> Task statement
Exactly the lines below from the one with "Un prodotto apprezzato" up to and including the one with "Das Bauprojekt verfügt" make up the answer, with nothing else added.

> Information provided
..............................

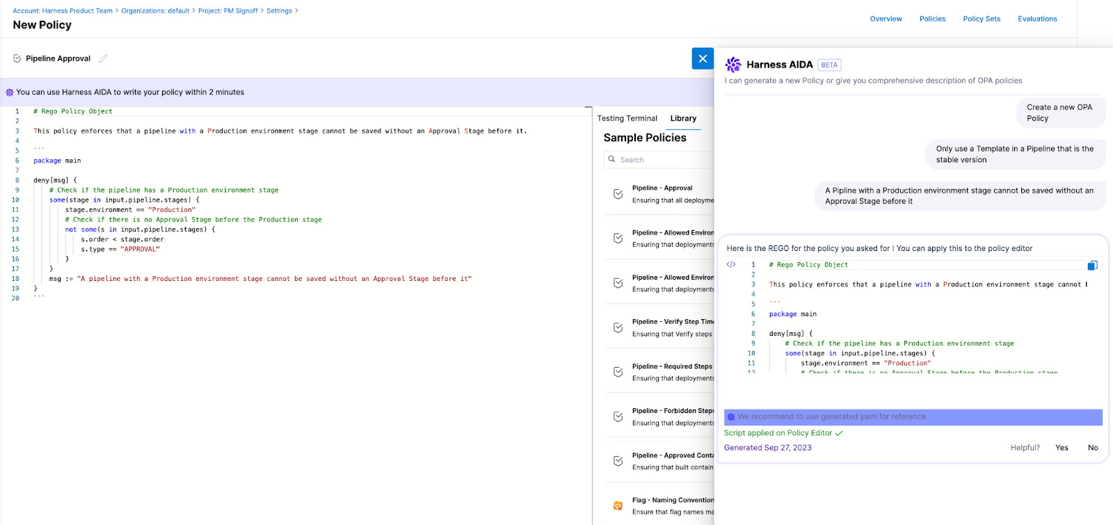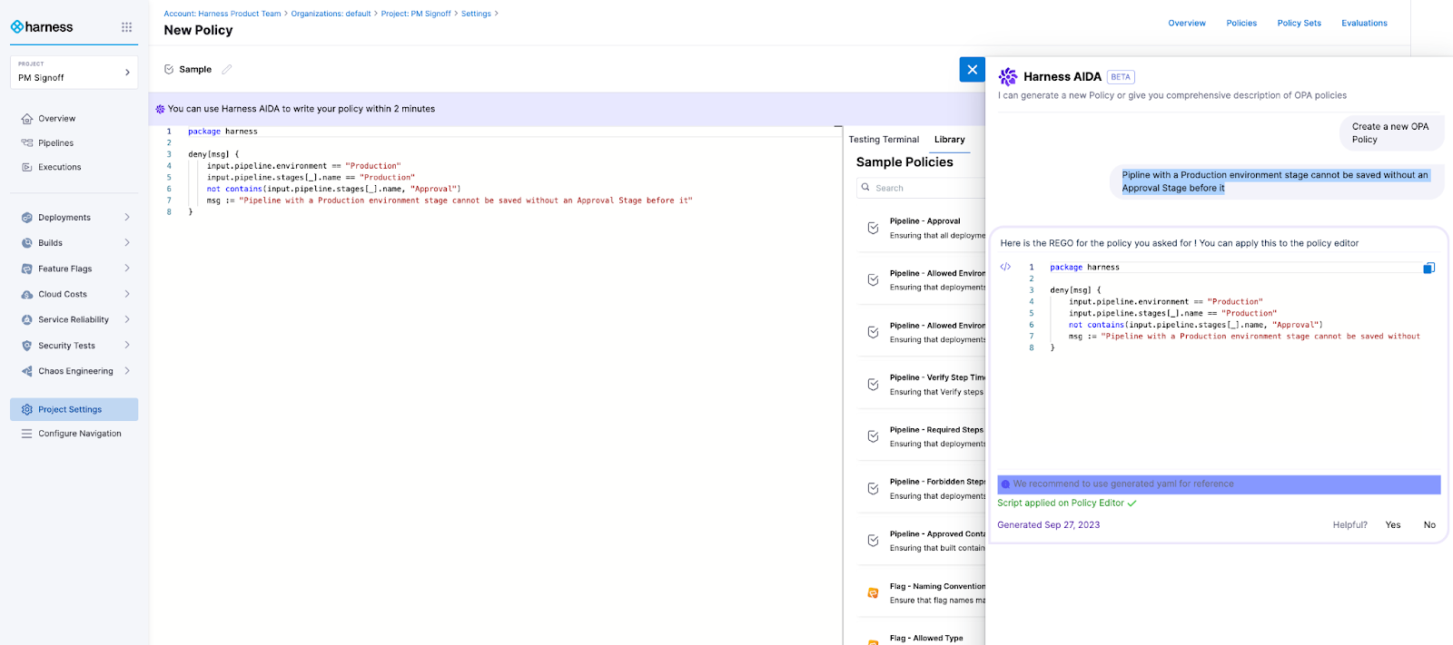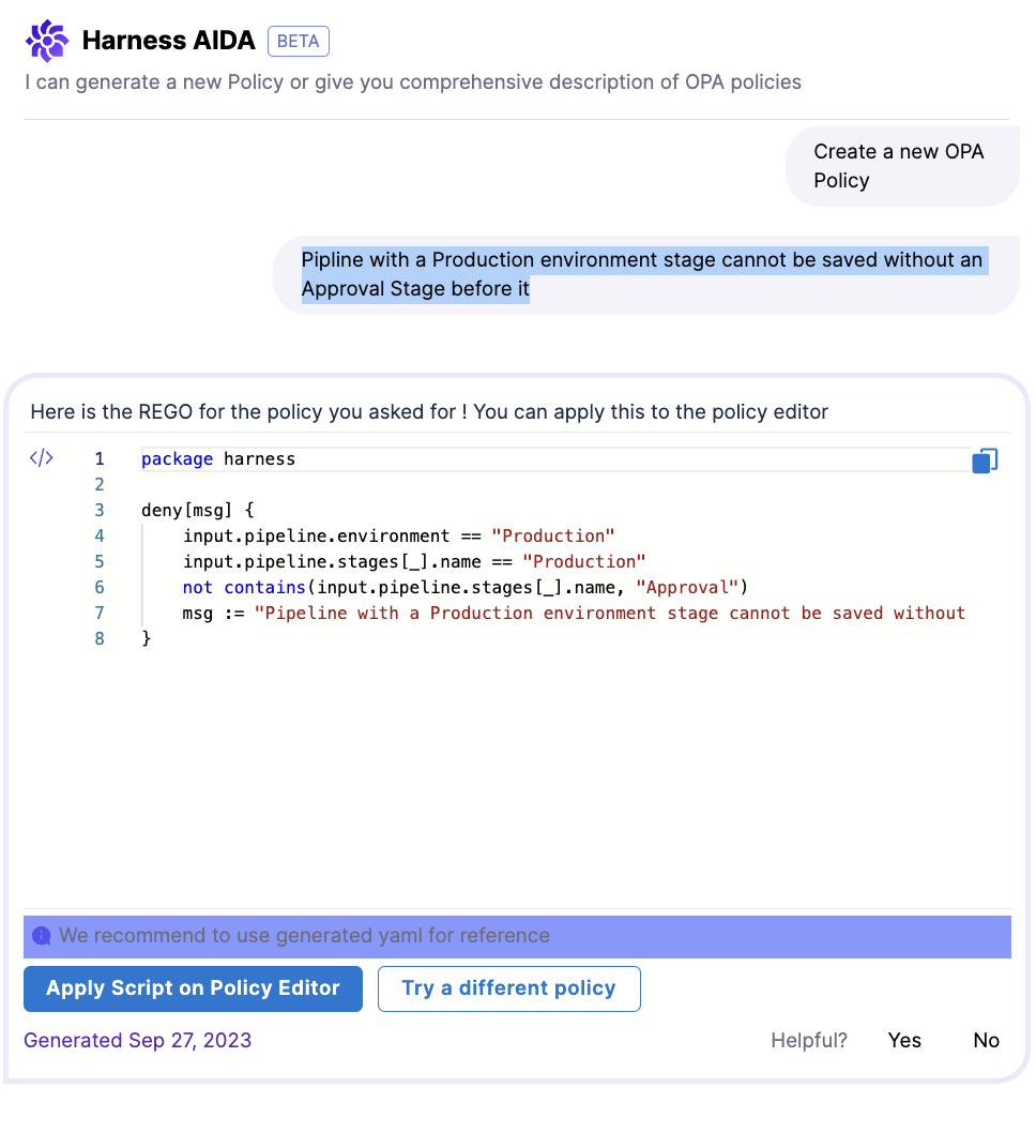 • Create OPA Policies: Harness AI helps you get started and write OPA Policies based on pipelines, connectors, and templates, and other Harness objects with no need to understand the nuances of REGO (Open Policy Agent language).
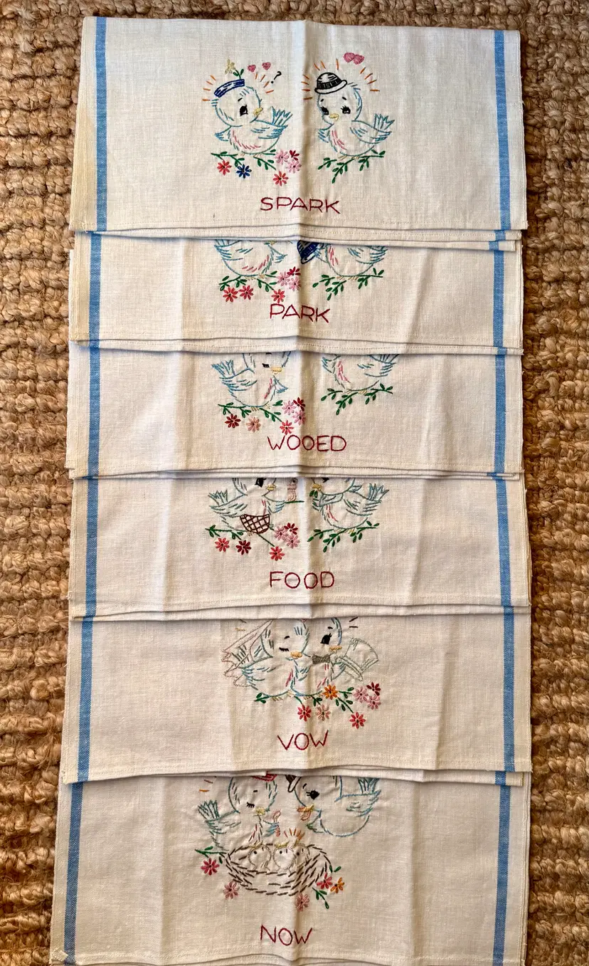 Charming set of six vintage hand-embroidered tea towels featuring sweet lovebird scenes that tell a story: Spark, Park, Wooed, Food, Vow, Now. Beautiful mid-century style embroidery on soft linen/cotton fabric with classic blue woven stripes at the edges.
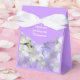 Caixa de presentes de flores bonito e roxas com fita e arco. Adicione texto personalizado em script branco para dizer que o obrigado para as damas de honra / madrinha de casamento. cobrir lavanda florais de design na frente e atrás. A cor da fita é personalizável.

..............................

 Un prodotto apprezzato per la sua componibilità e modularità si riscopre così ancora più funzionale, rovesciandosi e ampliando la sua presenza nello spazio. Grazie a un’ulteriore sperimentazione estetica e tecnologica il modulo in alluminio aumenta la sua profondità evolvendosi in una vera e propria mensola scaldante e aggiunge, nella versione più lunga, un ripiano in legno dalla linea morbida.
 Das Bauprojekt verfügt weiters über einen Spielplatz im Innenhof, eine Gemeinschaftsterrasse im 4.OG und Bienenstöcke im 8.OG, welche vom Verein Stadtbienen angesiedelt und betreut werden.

..............................

> Result
 Un prodotto apprezzato per la sua componibilità e modularità si riscopre così ancora più funzionale, rovesciandosi e ampliando la sua presenza nello spazio. Grazie a un’ulteriore sperimentazione estetica e tecnologica il modulo in alluminio aumenta la sua profondità evolvendosi in una vera e propria mensola scaldante e aggiunge, nella versione più lunga, un ripiano in legno dalla linea morbida.
 Das Bauprojekt verfügt weiters über einen Spielplatz im Innenhof, eine Gemeinschaftsterrasse im 4.OG und Bienenstöcke im 8.OG, welche vom Verein Stadtbienen angesiedelt und betreut werden.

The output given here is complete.